Named-entity recognition (NER) (also known as (named) entity identification, entity chunking, and entity extraction) is a subtask of information extraction that seeks to locate and classify named entities mentioned in unstructured text into pre-defined categories such as person names, organizations, locations, medical codes, time expressions, quantities, monetary values, percentages, etc. (Ref: Wikipedia)
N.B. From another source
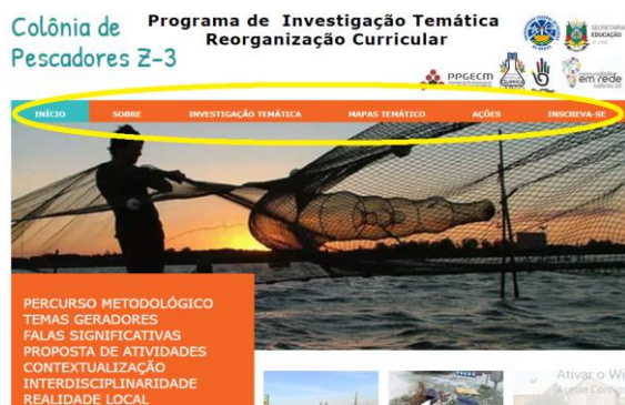
Figura 1: Produto Educacional da dissertação de A.S.C Garrido - Índice

In this exercise we'll use a state-of-the-art text processing and NLP library called Spacy. You can tinker around with the text inputs, although you'll find that it works better on sentences where there are specific organizations, locations, names, etc. 

In [None]:
# Install these in binder 

! pip install -U pip setuptools wheel
! pip install -U spacy
! python -m spacy download en_core_web_sm

In [None]:
import spacy
from spacy import displacy

In [None]:
nlp = spacy.load('en_core_web_sm')

In [None]:
text1 = "When Sebastian Thrun started working on self-driving cars at Google in 2007, few people outside of the company took him seriously."

doc1 = nlp(text1)
displacy.render(doc1, style="ent", jupyter=True)

In [None]:
text2 = "Ben Solo was a human male Force-sensitive who fell to the dark side of the Force as Kylo Ren, master of the Knights of Ren and eventual Supreme Leader of the First Order, but returned to the light side shortly before his death. "

doc2 = nlp(text2)
displacy.render(doc2, style="ent", jupyter=True)

In [None]:
text3 = "Hwang had conceived of the idea based on his own economic struggles early in life as well as the class disparity in South Korea and capitalism."

doc3 = nlp(text3)
displacy.render(doc3, style="ent", jupyter=True)

# Part 4 Create a  Speech Service
The Microsoft Cognitive Services include the Bing Speech service, that can interpret spoken input from a microphone or audio file. Follow these steps to provision the Bing speech service:

1. Open another browser tab and navigate to https://portal.azure.com.
2. Sign in using your Microsoft account.
3. Click **+ Create a resource**, and search for "**Speech**".
4. In the list of services, click ** Speech**.
5. In the **Bing Speech** blade, click **Create**.
6. In the **Create** blade, enter the following details, and then click **Create**
  * **Name**: A unique name for your service.
  * **Subscription**: Azure for Students or Microsoft Azure Sponsorship
  * **Location**: **<u><font color=#ff0000>(US) South Central US</font></u>** **(If you do not select this location your code WILL NOT WORK!)**
  * **Pricing tier**: Choose the Free F0 or Standard S0 pricing tier.
  * **Resource Group**: Choose the existing resource group you used previously.
7. Wait for the service to be created.
8. When deployment is complete, click **Go to resource**.
10. In the blade for your Speech service, click **Keys and Endpoint** and then copy **Key 1** to the clipboard and paste it into the **speechKey** variable assignment value in the cell below. 
11. Click the Run button to run the cell below that assigns the variable speechKey.

In [None]:
speechKey = 'YOUR_KEY_1'

#### Get the audio input
We'll use a WAV file of captured audio containing the speech we want to transcribe

In [None]:
import IPython

try:
    speechKey
except:
    print("Make sure you run the code cell above that assigns the speechKey variable! Then run this cell again.")
    
IPython.display.Audio('RainSpain.wav', autoplay=True)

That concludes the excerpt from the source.